Would you retype, word for word, only the lines from the one holding "Szklana butelka 600" through the final line of the entries below, without the pictures?

*THE INPUT*.
= Beginning of Section =
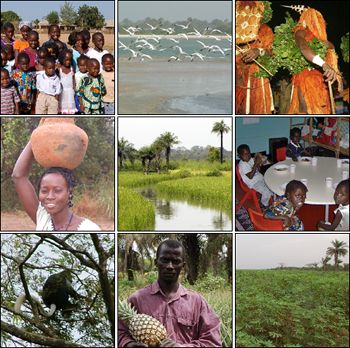 A Guiné-Bissau, fortemente dependente da agricultura e da pesca, é objecto de um programa do FMI (Fundo Monetário Internacional) para o ajuste estrutural. A castanha de caju, de que é hoje o sexto produtor mundial, aumentou consideravelmente de preço em anos recentes. O país exporta peixe e mariscos, amendoim, semente de palma e madeira. As licenças de pesca são uma importante fonte de receitas. O arroz é o cereal mais produzido e um ingrediente típico e indispensável na alimentação.
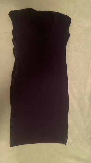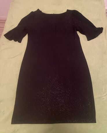 3) Crna haljina iznad kolena sa kratkim volan-rukavima i diskretnim svetlucavim efektom po celoj površini. Okrugao izrez, leđa sa zatvaranjem rajsferšlusom.
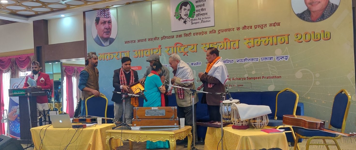 भक्तराज आचार्य संगीत प्रतिष्ठान तथा सिटी एक्सप्रेस मनी ट्रान्सफरले संयुक्त रुपमा आयोजना गरेको समारोहमा बस्नेत तथा गुरुङलाई ५०–५० हजार रुपैयाँसहित सम्मान गरिएको हो ।
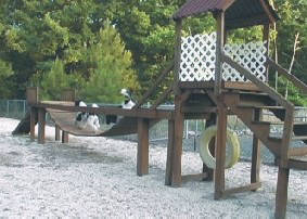 Click on paw to see This 8-foot sway bridge connects two towers in the above structure. Above is a junction area - left leads up to the tallest tower (slide comes off opposite side and ladder goes up to far side, maze is on near side. In closest (left) corner of the (right) picture, a short ramp leads up to the top of the maze where there is a catwalk over the top.
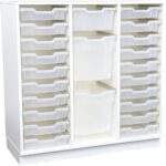 Dieses dreireihige Regal bietet Platz für eine Vielzahl an Kunststoffbehältern (372005-372026, 372034-372041, 372050-372073), die separat bestellbar sind. Die robuste Konstruktion sorgt für Stabilität und Langlebigkeit, während die weiße Ausführung der Mittelwände und Einlegeböden ein sauberes, modernes Erscheinungsbild verleiht.
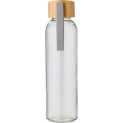 Szklana butelka 600 ml, silikonowy uchwyt, bambusowa zakrętka
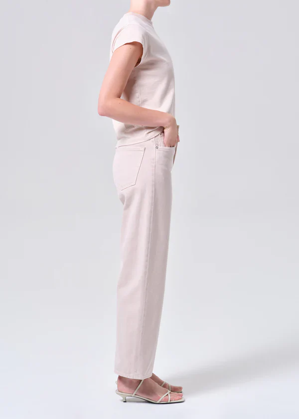 A high-rise wide-leg silhouette, the Ren Jean is designed with a flattering high waist, a relaxed fit through the hips, and a clean, elongated leg shape. Rendered in a light pastel pink wash, it brings a fresh, softly saturated twist to a timeless classic. Crafted from rigid non stretch regenerative cotton denim with a soft hand feel, it offers all day wearability while maintaining its sculpted structure.
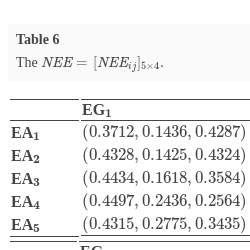 Step 2. Normalize the $\textit{EE}={({\textit{EE}_{ij}})_{m\times n}}$ to $\textit{NEE}={[{\textit{NEE}_{ij}}]_{m\times n}}$.
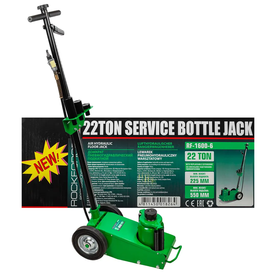 Профессиональный пневмогидравлический домкрат грузоподъемностью 22 тонны предназначен для подъема грузовых автомобилей, автобусов, строительной и другой крупной техники при проведении шиномонтажных и иных работ в автосервисах, мастерских, автобусных парках.
= End of Section =
*SOLUTION TO THIS EXERCISE*.
 Szklana butelka 600 ml, silikonowy uchwyt, bambusowa zakrętka
 A high-rise wide-leg silhouette, the Ren Jean is designed with a flattering high waist, a relaxed fit through the hips, and a clean, elongated leg shape. Rendered in a light pastel pink wash, it brings a fresh, softly saturated twist to a timeless classic. Crafted from rigid non stretch regenerative cotton denim with a soft hand feel, it offers all day wearability while maintaining its sculpted structure.
 Step 2. Normalize the $\textit{EE}={({\textit{EE}_{ij}})_{m\times n}}$ to $\textit{NEE}={[{\textit{NEE}_{ij}}]_{m\times n}}$.
 Профессиональный пневмогидравлический домкрат грузоподъемностью 22 тонны предназначен для подъема грузовых автомобилей, автобусов, строительной и другой крупной техники при проведении шиномонтажных и иных работ в автосервисах, мастерских, автобусных парках.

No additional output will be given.